We've see from the `df.tail()` that the last two rows of the DataFrame was all empty. Why was it so? Perhaps in the original csv file, it was just empty lines. Therefore, we have to clean it up

In [11]:
# Remove the last 2 rows which is Empty rows
df = df.iloc[:-2]
df.tail()

Unnamed: 0,age,workclass,fnlwgt,education,education-num,marital-status,occupation,relationship,race,sex,capital-gain,capital-loss,hours-per-week,native-country,salary
32557,27,Private,257302,Assoc-acdm,12,Married-civ-spouse,Tech-support,Wife,White,Female,0,0,38,United-States,<=50K
32558,40,Private,154374,HS-grad,9,Married-civ-spouse,Machine-op-inspct,Husband,White,Male,0,0,40,United-States,>50K
32559,58,Private,151910,HS-grad,9,Widowed,Adm-clerical,Unmarried,White,Female,0,0,40,United-States,<=50K
32560,22,Private,201490,HS-grad,9,Never-married,Adm-clerical,Own-child,White,Male,0,0,20,United-States,<=50K
32561,52,Self-emp-inc,287927,HS-grad,9,Married-civ-spouse,Exec-managerial,Wife,White,Female,15024,0,40,United-States,>50K


![Bar](https://github.com/AdmiJW/Items/blob/master/SeperatingBars/Horizontalbar_red.png?raw=true)

### 2.3.2 - Incorrect Datatypes

Let's set those columns to have the correct datatypes

---

Here I've wrote a home made function which take in a Series as argument. The Series will contain strings, but supposedly
contain integer values.
This function will try to parse the values into int. It will detect if any values cannot be converted into integers.
In addition, it can also tell you the maximum value and minimum value, as well as the indices of invalid values if there exists
in the Series

Parameters:
* `series` - The `pandas.Series` object
* `can_negative` - **(Optional)** Boolean value. Can there be negative values in the Series? If False, as soon as a negative value is met, it will became invalid Series

Returns:
* It shall return a List, containing
   * Index 0: Boolean value telling if the Series can become integer given condition
   * Index 1: A List. What the list contains depend on index 0
         * If index 0 is True (The Series is valid integer) --- [ min, max ]
         * If index 0 is False (The Series is invalid integer) --- The list will contain indexes of which value is invalid

In [42]:


# This is a custom function which take in a Series of string, which supposed to be integers.
# It will check for each value, if it is ALL valid integers. This is to safely parse into correct datatype


def checkStringIntValues(series: pd.Series, can_negative:bool = False ) -> List:
    
    result = [ True, list() ]
    vmax = -float('inf')
    vmin = float('inf')

    for i in series.index:
        try:
            num = int( series[i] )
            
            if not can_negative and num < 0:
                raise ValueError("Negative values")
            
            vmax = max(vmax, num)
            vmin = min(vmin, num)
        except:
            result[0] = False
            result[1].append(i)
            
    if len(result[1] ) == 0:
        result[1].append(vmin)
        result[1].append(vmax)
        
    return result
            
    
    



In [43]:
###########################################
# age column > int8 (Since age really don't go high)
###########################################

# Using own made function, check the validity of the age column
[valid, maxmin] = checkStringIntValues( df.age )
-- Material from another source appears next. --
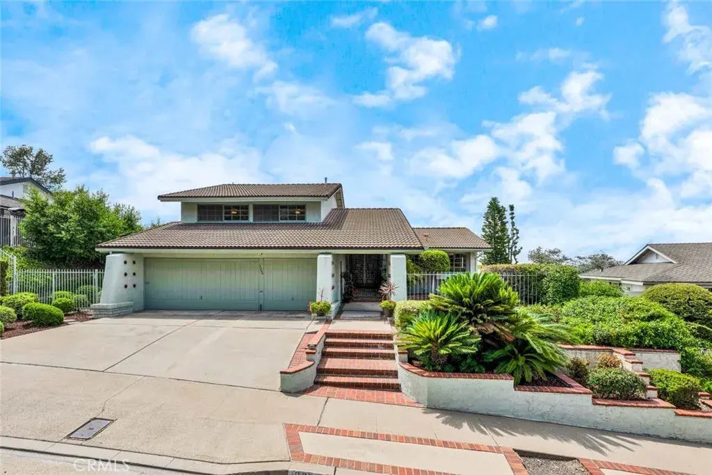 Perched in a prime location w/ breathtaking panoramic views of city lights, Catalina Island, the Pacific Ocean, and even Angel Stadium fireworks, this tri-level home blends timeless elegance with thoughtful upgrades. The freshly painted exterior & classic Adobe tile roof welcome you past professional, mature landscapingSego palms,colorful bougainvillea,rubber plants & manicured shrubsall nourished by a fully automated watering system. A brick stairway w/ bullnose edging & a lighted walkway lead to a spacious brick-pavered front patio,perfect for morning coffee or sunset conversations. Inside,the majestic double door entry opens to a hardwood-floored foyer & modern chandelier,leading into a light-filled living room framed by a wall of windows that showcase the spectacular views.The formal dining room,easily seating twelve, flows nicely into the kitchen,where cream-colored speckled granite,hardwood cabinetry,a full granite backsplash & a charming breakfast nook set the stage.Also a Butlers pantry,KitchenAid dual ovens, 4-burner cooktop w/ oversized vented hood,Whirlpool dishwasher,Kohler sink w/ newer fixtures,dual-pane vinyl windows,Hunter Douglas translucent coverings,recessed lighting & hardwood floors. The inviting downstairs family room offers parquet flooring,built-in bookshelves,plantation shutters & a fireplace w/ raised tile hearth,along w/ direct pool access through dual sliders.A downstairs bedroom w/ built-ins is paired w/ a beautifully updated bath featuring a retiled glass walk-in shower,ceramic tile insets,newer fixtures & hardwood cabinetry.The oversized 3-car

print( valid )       # True
print( maxmin )      # [17, 90]


# Since highest value is only 90, we can safely use int8 as datatype
df['age'] = df['age'].astype( np.int8 )



True
[17, 90]


In [44]:
###########################################
# workclass column. Let's check values first
###########################################

print( df.workclass.unique() )

# Datatype is string alright. However there is a ? hanging there. Unknown work class.
# Let's just ignore this value (Not counted into data analysis)

['State-gov' 'Self-emp-not-inc' 'Private' 'Federal-gov' 'Local-gov' '?'
 'Self-emp-inc' 'Without-pay' 'Never-worked']


In [45]:

###########################################
# fnlwgt column. Let's see if there's any invalid numeric values
###########################################

[valid, minmax] = checkStringIntValues( df.fnlwgt )

print(valid)        # True
print(minmax)       # [12285, 1484705]


# Now we see values go up as high as 1484705. int32 shall be suitable

df['fnlwgt'] = df['fnlwgt'].astype( np.int32 )

True
[12285, 1484705]


In [46]:

###########################################
# education column. Let's see unique values
###########################################
df['education'].unique()

# No invalid values. All good. Moving on

array(['Bachelors', 'HS-grad', '11th', 'Masters', '9th', 'Some-college',
       'Assoc-acdm', 'Assoc-voc', '7th-8th', 'Doctorate', 'Prof-school',
       '5th-6th', '10th', '1st-4th', 'Preschool', '12th'], dtype=object)

In [47]:

############################################
# education-num column. Let's see
###########################################

[valid, minmax] = checkStringIntValues( df['education-num'] )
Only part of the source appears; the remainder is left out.